Supplied information:

⁂

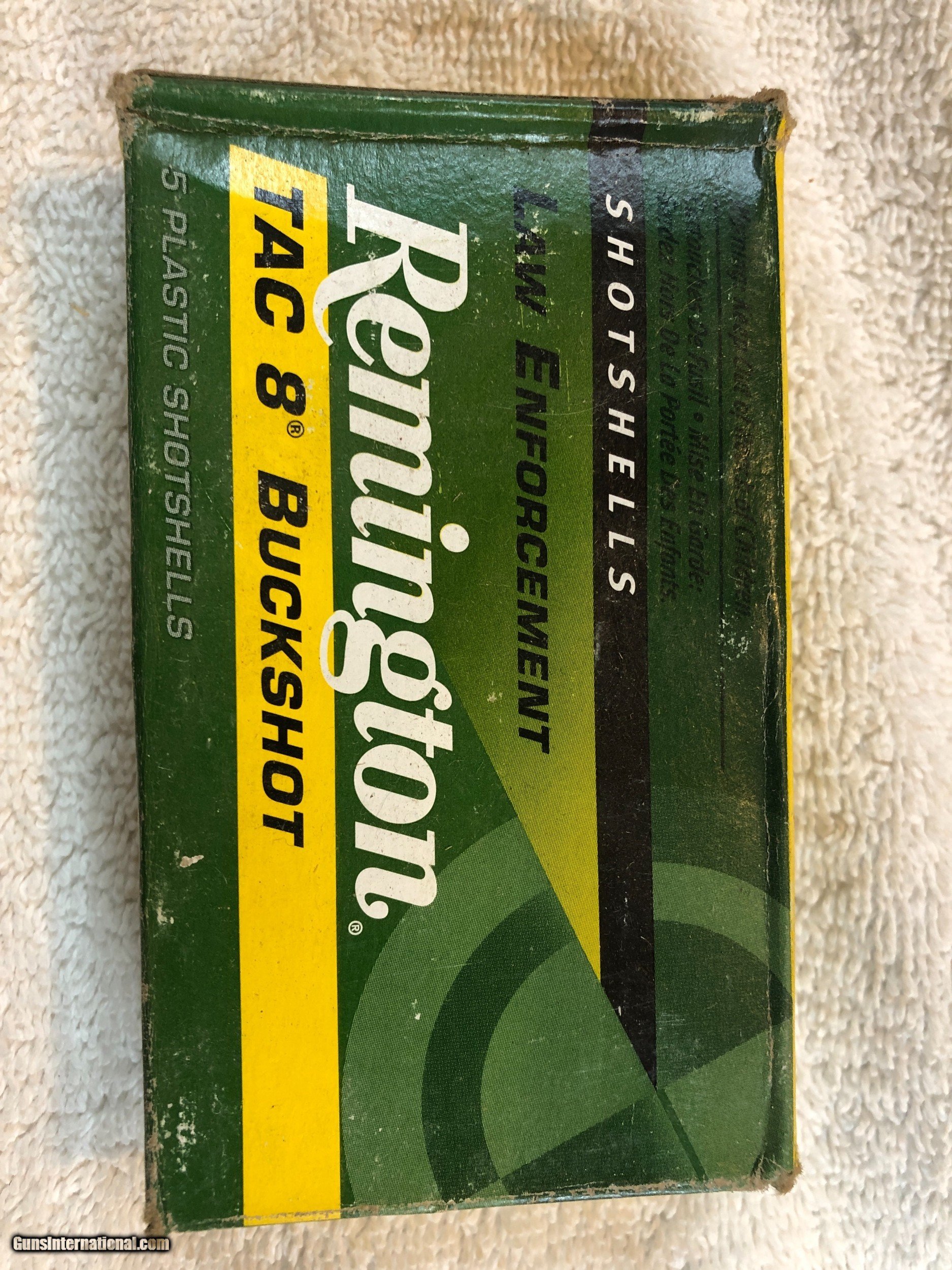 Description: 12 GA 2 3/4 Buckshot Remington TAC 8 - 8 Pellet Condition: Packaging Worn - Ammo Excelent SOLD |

⁂

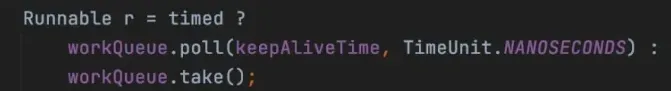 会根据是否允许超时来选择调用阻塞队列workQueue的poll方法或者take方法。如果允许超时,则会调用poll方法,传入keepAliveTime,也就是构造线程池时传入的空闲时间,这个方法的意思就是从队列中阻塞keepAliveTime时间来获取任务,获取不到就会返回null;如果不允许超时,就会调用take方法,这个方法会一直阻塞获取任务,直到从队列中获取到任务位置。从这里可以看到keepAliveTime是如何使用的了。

⁂

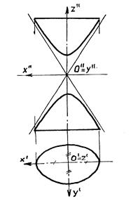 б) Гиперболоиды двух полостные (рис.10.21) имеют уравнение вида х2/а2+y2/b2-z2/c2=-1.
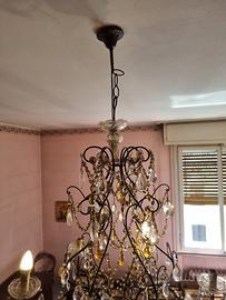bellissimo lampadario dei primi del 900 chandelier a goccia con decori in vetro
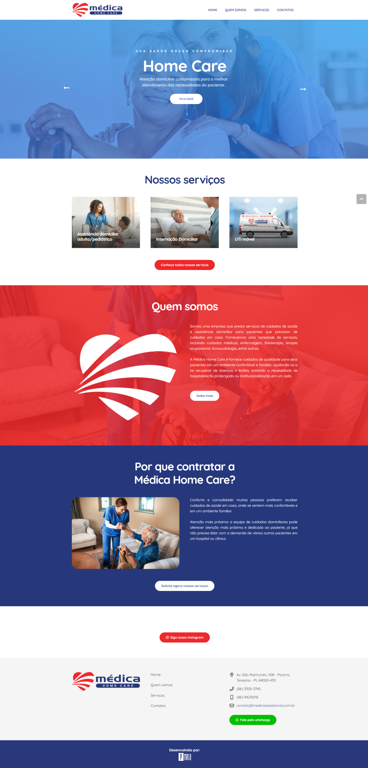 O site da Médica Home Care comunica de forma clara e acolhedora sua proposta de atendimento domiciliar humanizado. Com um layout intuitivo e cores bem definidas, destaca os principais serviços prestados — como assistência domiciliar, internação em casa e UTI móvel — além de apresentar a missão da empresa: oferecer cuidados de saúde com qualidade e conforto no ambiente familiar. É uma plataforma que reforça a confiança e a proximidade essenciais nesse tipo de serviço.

⁂

Goal of the exercise: Skipping the pictures, print the lines in the listing above exactly as written, starting at the line with "б) Гиперболоиды двух" and ending at the line with "O site da Médica", both included.

Completed task:
 б) Гиперболоиды двух полостные (рис.10.21) имеют уравнение вида х2/а2+y2/b2-z2/c2=-1.
bellissimo lampadario dei primi del 900 chandelier a goccia con decori in vetro
 O site da Médica Home Care comunica de forma clara e acolhedora sua proposta de atendimento domiciliar humanizado. Com um layout intuitivo e cores bem definidas, destaca os principais serviços prestados — como assistência domiciliar, internação em casa e UTI móvel — além de apresentar a missão da empresa: oferecer cuidados de saúde com qualidade e conforto no ambiente familiar. É uma plataforma que reforça a confiança e a proximidade essenciais nesse tipo de serviço.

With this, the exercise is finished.